The rest of this post takes you through how I set this functionality up to ensure that all Windows virtual machines are running with Azure Hybrid Benefit enabled.

 

Azure Policy

I won’t go into the details of creating the basic Azure Policy rules however you want to ensure that the effect for your policy is DeployIfNotExists. In my case I started of with a very simple rule which will help filter out resources I’m not interested in – so as part of the rule I’m looking for resource types which are virtual machines, and that have Microsoft Windows Server as the publisher.

 

 

{
    "if": {
        "allOf": [
            {
                "field": "type",
                "equals": "Microsoft.Compute/virtualMachines"
            },
            {
                "field": "Microsoft.Compute/virtualMachines/storageProfile.imageReference.publisher",
                "equals": "MicrosoftWindowsServer"
            }
        ]
    }
}

 

 

 

For the policy effect I specify DeployIfNotExists and then retrieve the same object and apply some more checks to it. This time as part of the existence condition I’m going to check the license type field to check if it is correct.

 

 

"existenceCondition": {
    "allOf": [
        {
            "field": "Microsoft.Compute/virtualMachines/licenseType",
            "exists": true
        },
        {
            "field": "Microsoft.Compute/virtualMachines/licenseType",
            "equals": "Windows_Server"
        },
        {
            "field": "Microsoft.Compute/virtualMachines/licenseType",
            "notEquals": "[parameters('StorageAccountId')]"
        }
    ]
}

 

 

 

In the JSON above there is a check for the StorageAccountId parameter which has nothing to do with the object we’re running the policy against – but I need to include it as I’ve used it as a parameter for my policy. It will always return true, so it’s not really included as part of the evaluation and by itself won’t trigger the deployment. (If you try to add a policy without consuming all the parameters in the policy rules you will get an error).

 

The rest of a DeployIfNotExists policy contains the object I want to deploy, and it does get a bit complicated. If I was to just deploy the deployment script object it would deploy in the same resource group as my resource to be remediated which isn’t a desirable outcome as it would leave a mess of orphaned objects. The deployment script also requires a storage account to work and I don’t want my subscription littered with random storage accounts. To get around this I create a subscription level deployment – which deploys a deployment resource, which contains a nested deployment to deploy the deployment script. Confused?
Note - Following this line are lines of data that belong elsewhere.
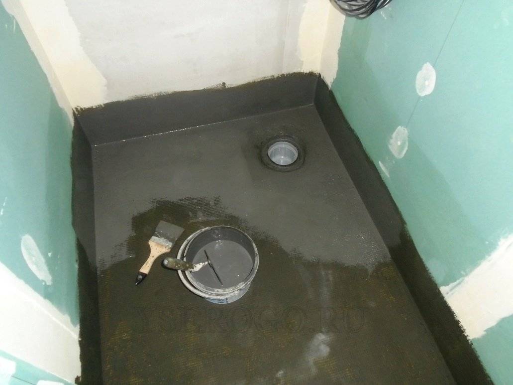 При наличии на стяжке раковин и углублений, поддон можно прошпаклевать плиточным клеем. Это уменьшит расход гидроизоляции и исключит необработанные участки.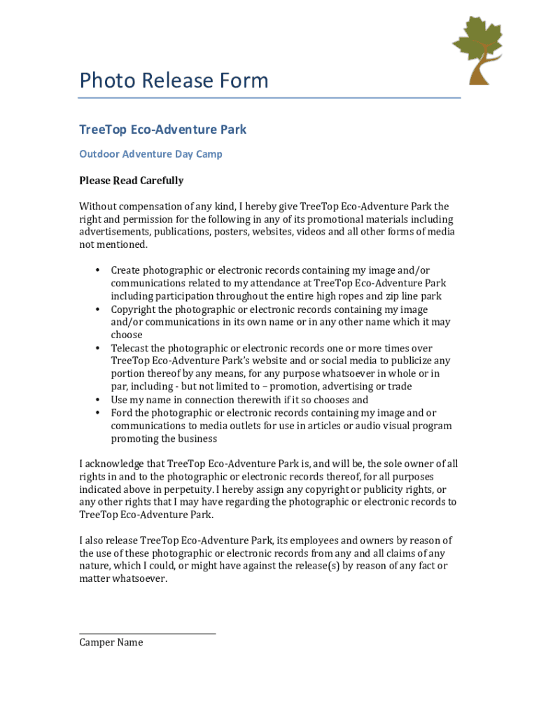 Photo Release FormTreeTop Adventure ParkOutdoor Adventure Day Appease Read CarefullyWithout compensation of any kind, I hereby give Treetop Adventure Park the right and permission for the following in any of its promotional materials including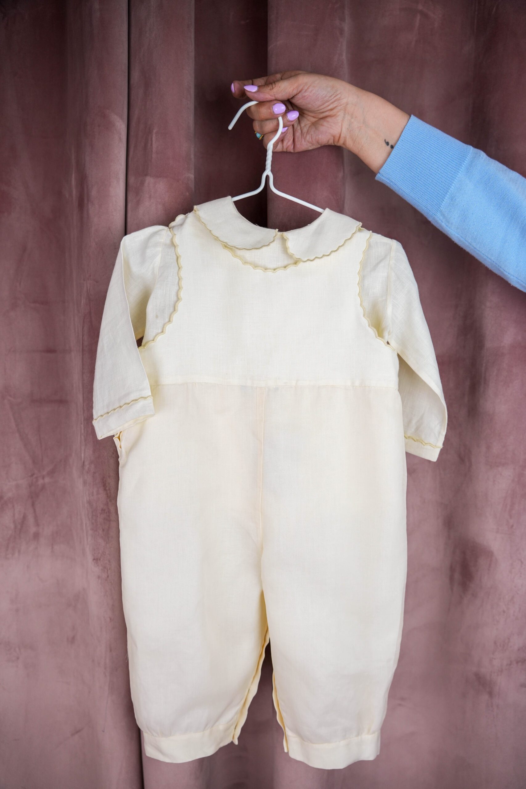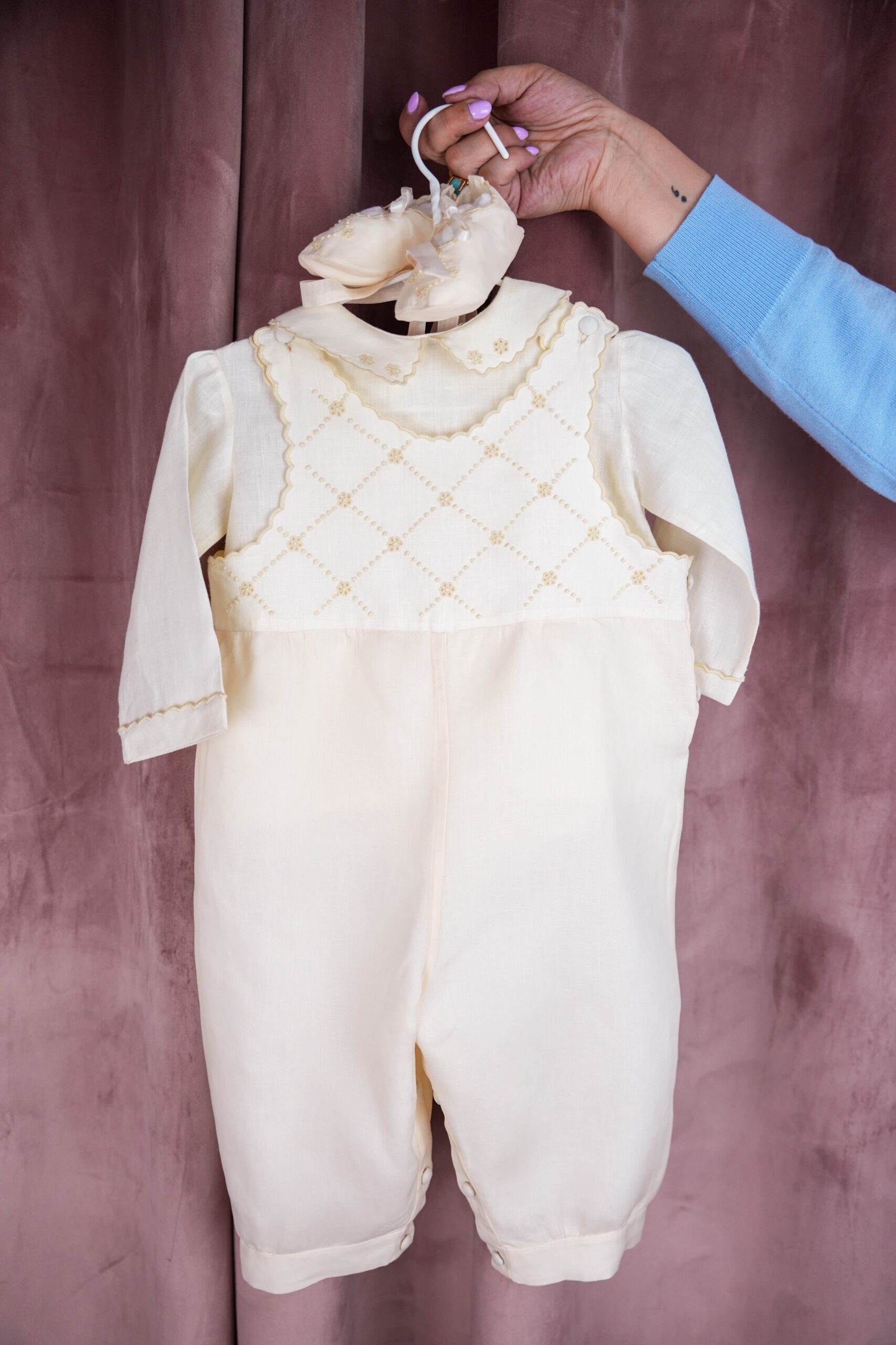O Fato de Batizado Bordado à mão em bege destaca-se como uma escolha clássica e elegante para a cerimónia de batismo do seu bebé. Este conjunto inclui um macacão em bege acompanhado por uma camisa, uma touca e sapatinhos, todos meticulosamente bordados à mão, garantindo um visual harmonioso e sofisticado para este momento especial.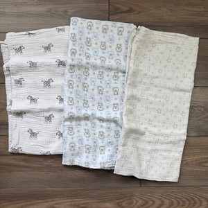 Mixed Brands Muslin Blanket Lot of 3 Gender Neutral Planets, Bears, Zebra Print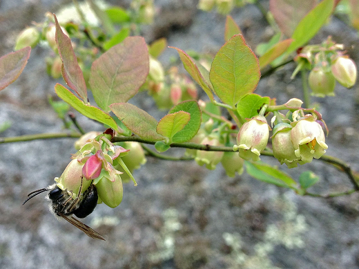 Medonosne pčele nisu dovoljno efikasne kod oprašivanja borovnice jer one lete manje kad su temperature niže, dan oblačan ili je brzina vetra velika.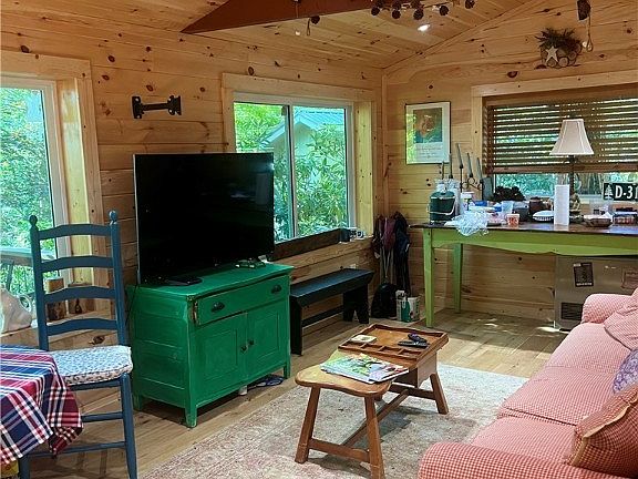 Bring your RV to this charming mountain retreat in Linvile Land Harbor. Tucked away on a corner lot you will find a cozy 276 square feet mountain cabin to expand your living space. The cabin features a bright living area and a bedroom great for guests, and is already heated for year round use. Large cabin windows bring in the beauty of nature, enhancing the serene atmosphere. Relax on the deck with mountain views, wonderful for unwinding or entertaining. Enjoy the convenience of a golf cart garage and dual driveways for ample parking of additional cars. Next to the RV spot there is also a gas line available for a seamless grill hookup. This is a true gem for those seeking a peaceful, low-maintenance mountain escape. Linville Land Harbor offers something for everyone: golf, pickleball, tennis, hiking, a heated seasonal pool, beach, trout fishing, dog parks, card clubs and so much more. Included in the fees are 24 hour security, trash pickup, cable, wi-fi, water and sewer. Come and enjoy the simple life.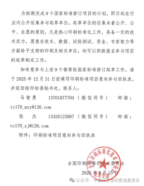 起草單位征集本著公開、公平、自愿的原則,凡是熱心印刷標準化工作,具備一定的技術(shù)實力,愿意在技術(shù)、數(shù)據(jù)、試驗測試、資金、專家智力等方面給予支持的有關(guān)企業(yè)或科研機構(gòu)、院校,均可報名參與標準起草制定工作。如有參與意向,可咨詢中國印工協(xié)印刷油墨分會或全國印刷標準化技術(shù)委員會,并于2025年12月31日前填寫印刷標準項目意向參與回執(zhí)表,返回至印標委秘書處。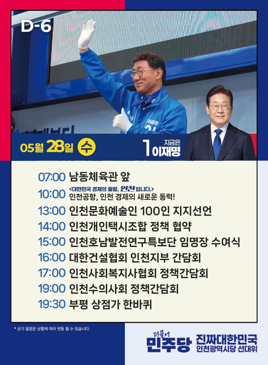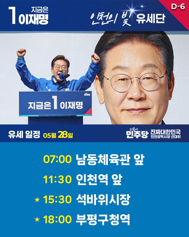 - [카드뉴스] 5월 28일 인천의빛 유세일정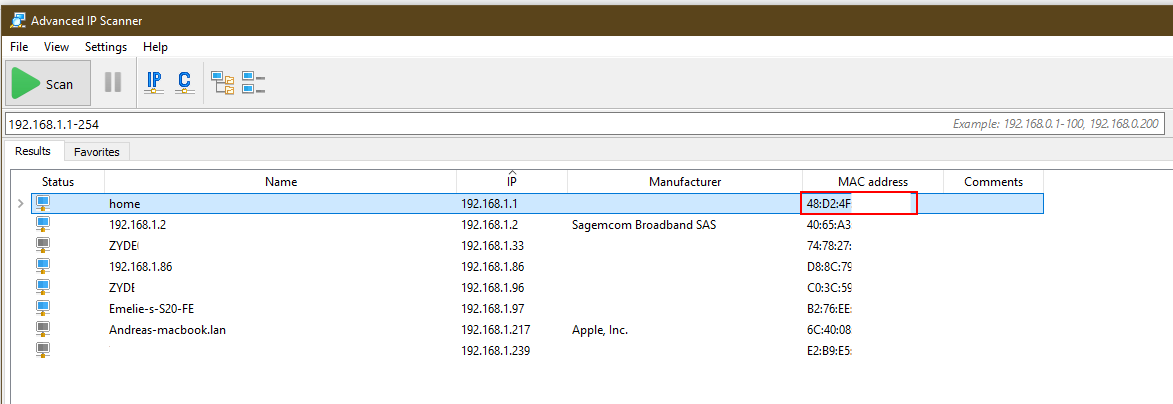 Now, because there was no IP address of this device we found earlier, we will instead open Advanced IP scanner to find out the IP address of that device through the MAC address we found: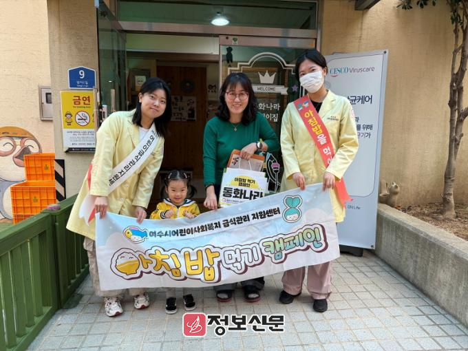 ![]() ▲ 여수시 어린이·사회복지급식관리지원센터는 성장기 어린이의 건강한 식습관 형성을 위해 지난 20일부터 23일까지 ‘아침밥 먹기 캠페인’을 실시했다.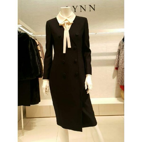 [현대백화점][린 LYNN] 리본탈착카라더블단추원피스 (LGOPJK9900BK)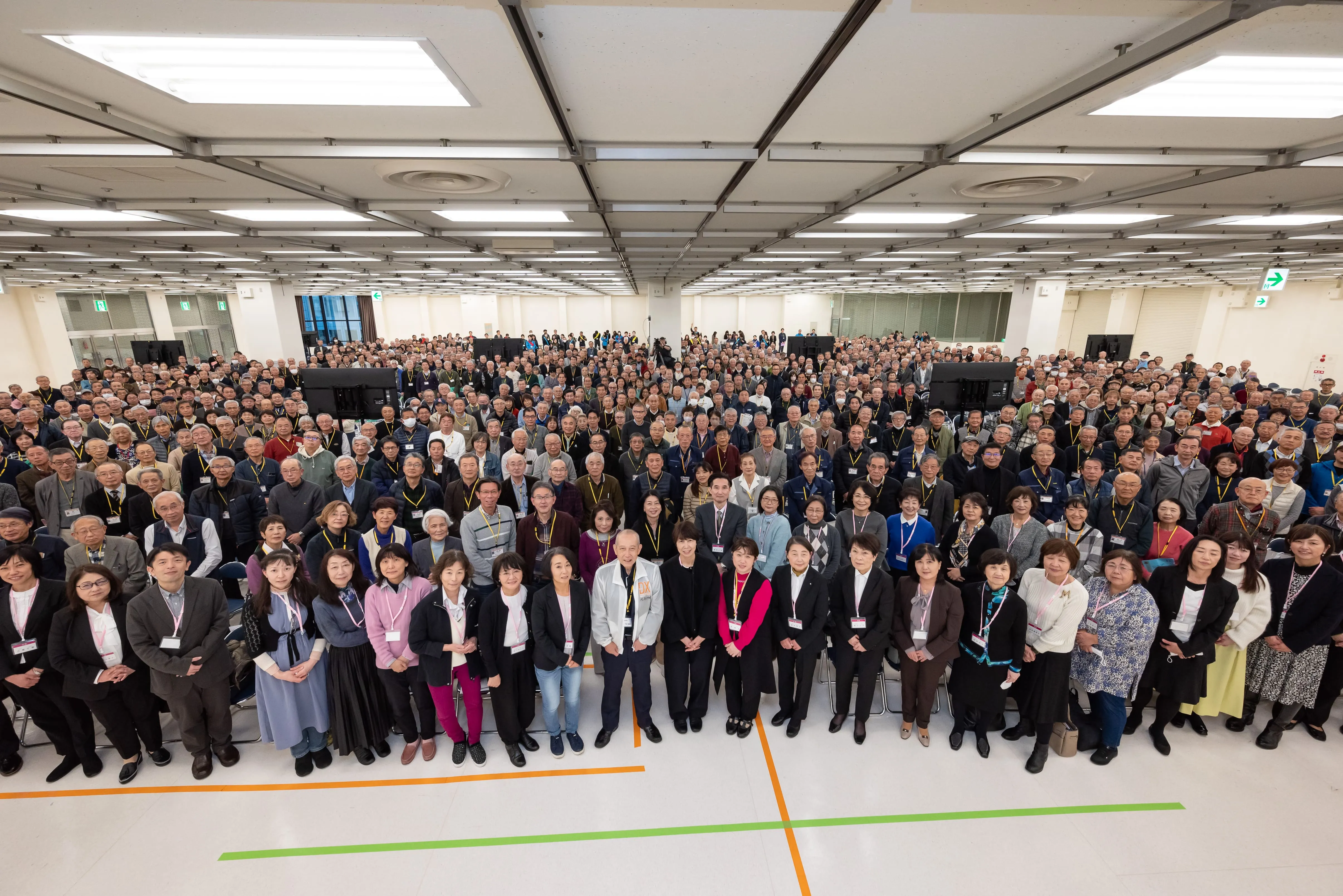 当日は、約1,000名(平均年齢約70歳・最高齢88歳)の代務員が参加し、チームごとにマンション現場の課題解決について話し合うショットガン討議やマンション管理業において特に重要となる清掃・挨拶の研修を実施しました。指導は、当社創立者であり、81歳になった現在も会長・社長を務める下田が自ら行います。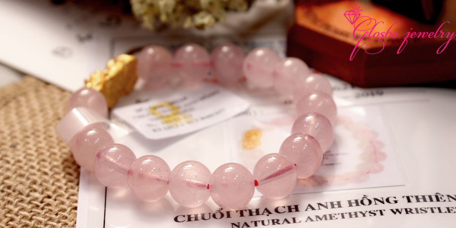 Vòng Tay Phong Thủy Thạch Anh Hồng 9Ly Đã Kiểm Định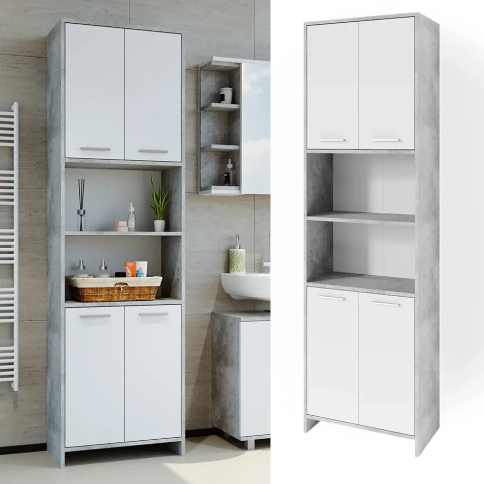 - Der Badezimmerhochschrank verfügt über zwei offene Ablagen und vier Türen mit sechs geschlossenen Regale für maximalen Stauraum.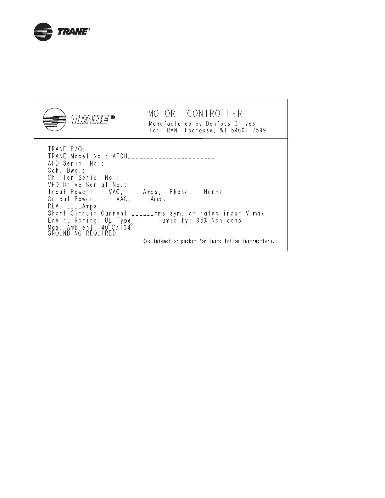 A nameplate is installed on each AFDH Air-Cooled Drive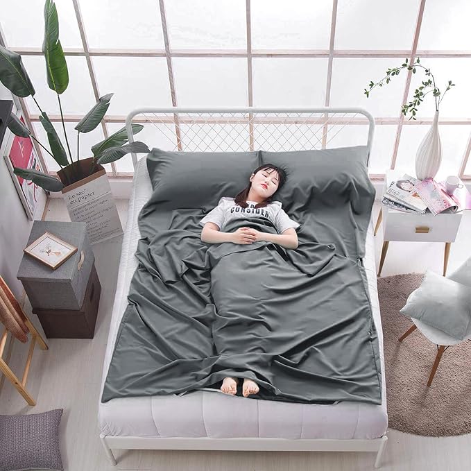- HUMANIZED DESIGN: The lightweight sleeping travel sheet has two buckles on the top of the sheet,opening on one or two side to make it easy for you to get into. It has an invisible zipper at the bottom for easy ventilation and free movement of your feet.You can open the bottom zipper if you feel hot sleeping in travel sheets.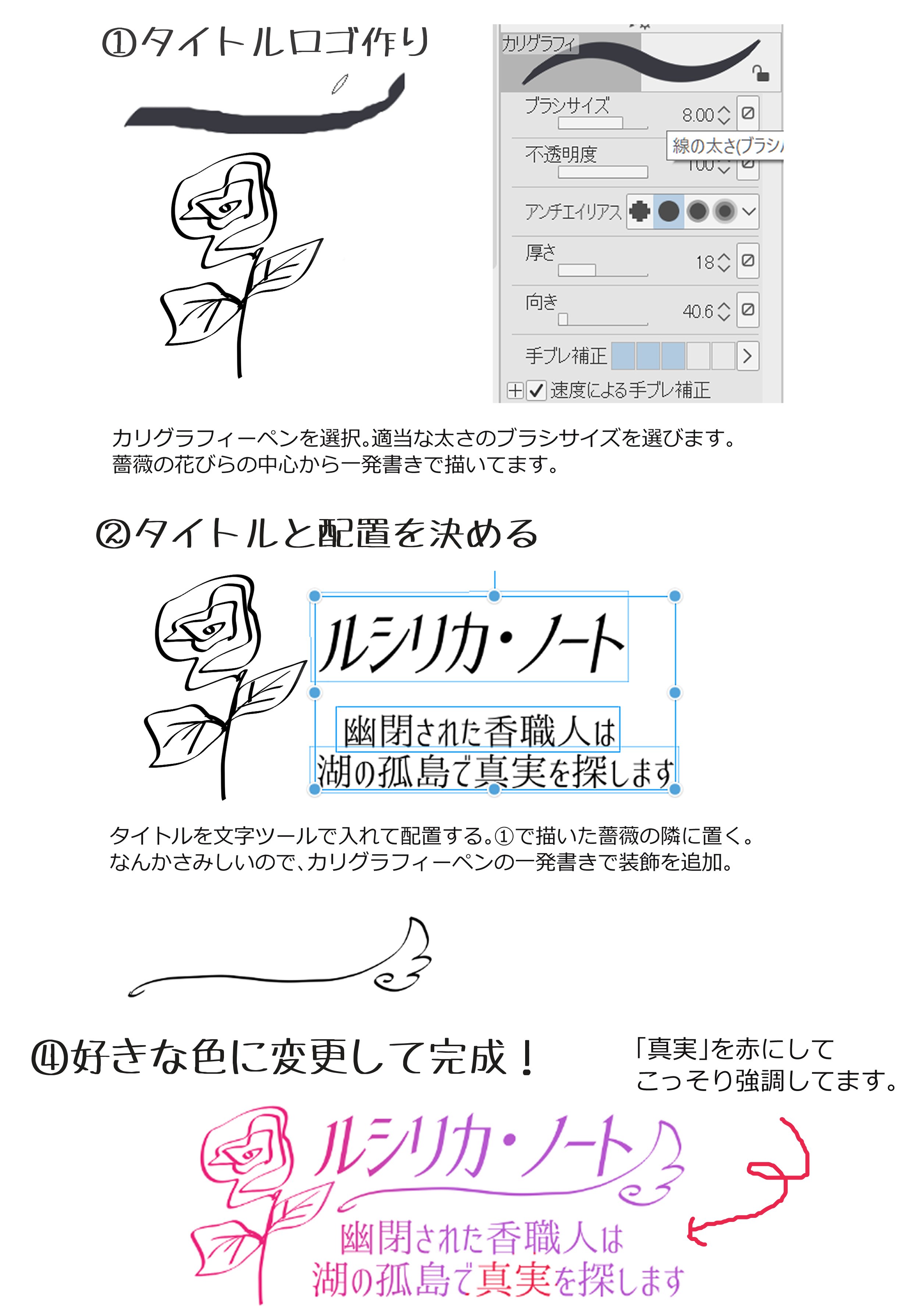 ③①で描いた薔薇の隣にタイトルロゴを並べてバランスをみます。ちょっとさみしいので、「ルシリカ・ノート」の下に、ポヨン鳥の羽を思わせるアンダーラインをカリグラフィーペンで描いて添えました。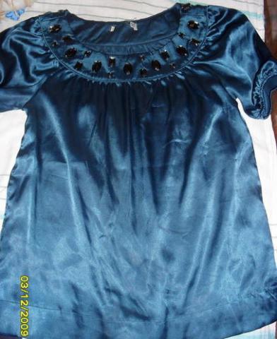 s dyzdio laisva palaidine, elekrines melynos ar zalios spalvos, cia nuo apsvietimo prikklauso :D laisva graziia krenta, na aisku jai dirzelio kokio reikia priderinti. uzsideta viena karta ir tai derinant . bet niekur neiseita su ja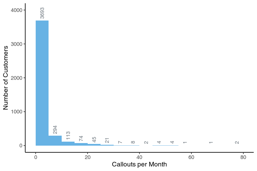 The plot below is a histogram showing the distribution of customers broken down by the number of callouts in a single month. It’s apparent that the vast majority of customers only generate a few callouts (the first bar). These do not place a burden on the response fleet. They are the good customers. But there’s a long tail of callout counts, with some customers generating tens of callouts. They are the bad customers: they place disproportionate demands on the response fleet. Many of these callouts are false alarms, possibly due to customer negligence or faulty equipment.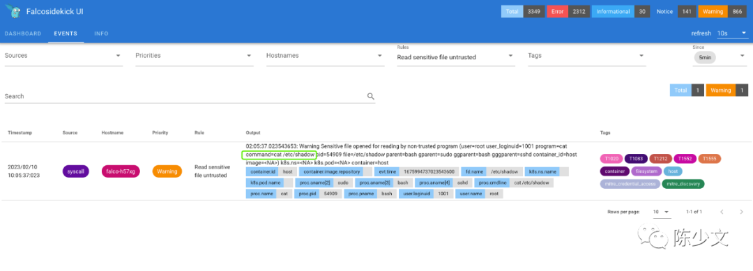 在主机上,读取敏感文件 cat /etc/shadow 之后,在 falcosidekick ui 页面就可以查看到相关的事件,如下图: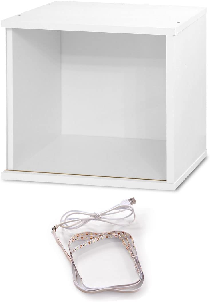 • ottostyle.jp 組み合わせ自由 キューブボックス カラーボックス 【アクリル扉付きタイプ/ホワイト】 & LEDテープライトセット 横幅34.5cm レイアウト自在 ディスプレイボックス コレクションケース 収納

Here it is in a diagram and you can follow the previous links or look at the policy itself.

 

policy01.png

The best part is we don’t have to manage the Azure Container Instance as the deployment script object does that for you.

 

What I do have to worry about is the script that runs – it uses a user assigned managed identity which must have permission manage the resources, in this case I need to give it Reader and Virtual Machine Contributor rights on the subscription so it can change that license type and update the virtual machine.

 

The PowerShell script which runs is so simple: -

 

 

Param($ResourceGroupName, $VMName)
$vm = Get-AzVM -ResourceGroupName $ResourceGroupName -Name $VMName
$vm.LicenseType = "Windows_Server"
Update-AzVM -VM $vm -ResourceGroupName $ResourceGroupName

 

 

 

The container instance comes with the Az modules already or if you prefer to use the Azure CLI you can specify that in the deployment script object in the template. The script can be either be provided inline or link to an external URL. If you are linking externally and don’t want it to be in a public location, you might have to provide a SAS URL. I also specify arguments to provide to the script in a concatenated string format, the documentation on the deployment script provides some more information on these arguments but you can incorporate parameters from the policy which means the inputs can come from the non-compliant objects. As well you can choose to use an existing storage account, or you can let the deployment script create one for you.

 

 

"forceUpdateTag": "[utcNow()]",
"azPowerShellVersion": "4.1",
"storageAccountSettings": {
    "storageAccountName": "[parameters('StorageAccountName')]",
    "storageAccountKey": "[listKeys(resourceId('Microsoft.Storage/storageAccounts', parameters('StorageAccountName')), '2019-06-01').keys[0].value]"
},
"arguments": "[concat('-ResourceGroupName ',parameters('VMResourceGroup'),' -VMName ',parameters('VMName'))]",
"retentionInterval": "P1D",
"cleanupPreference": "OnSuccess",
"primaryScriptUri": "https://raw.githubusercontent.com/anwather/My-Scripts/master/license.ps1"

 

 

 

I’ve linked the policy rule here for you to review, be careful to observe the flow of the parameters as  they are provided in the policy assignment and then are passed down through each deployment object as a value.  The ‘StorageAccountName’ parameter is a good example of this.

 

Deploying the Solution

Scripts and policies are located in my GitHub repository – you can clone or download them.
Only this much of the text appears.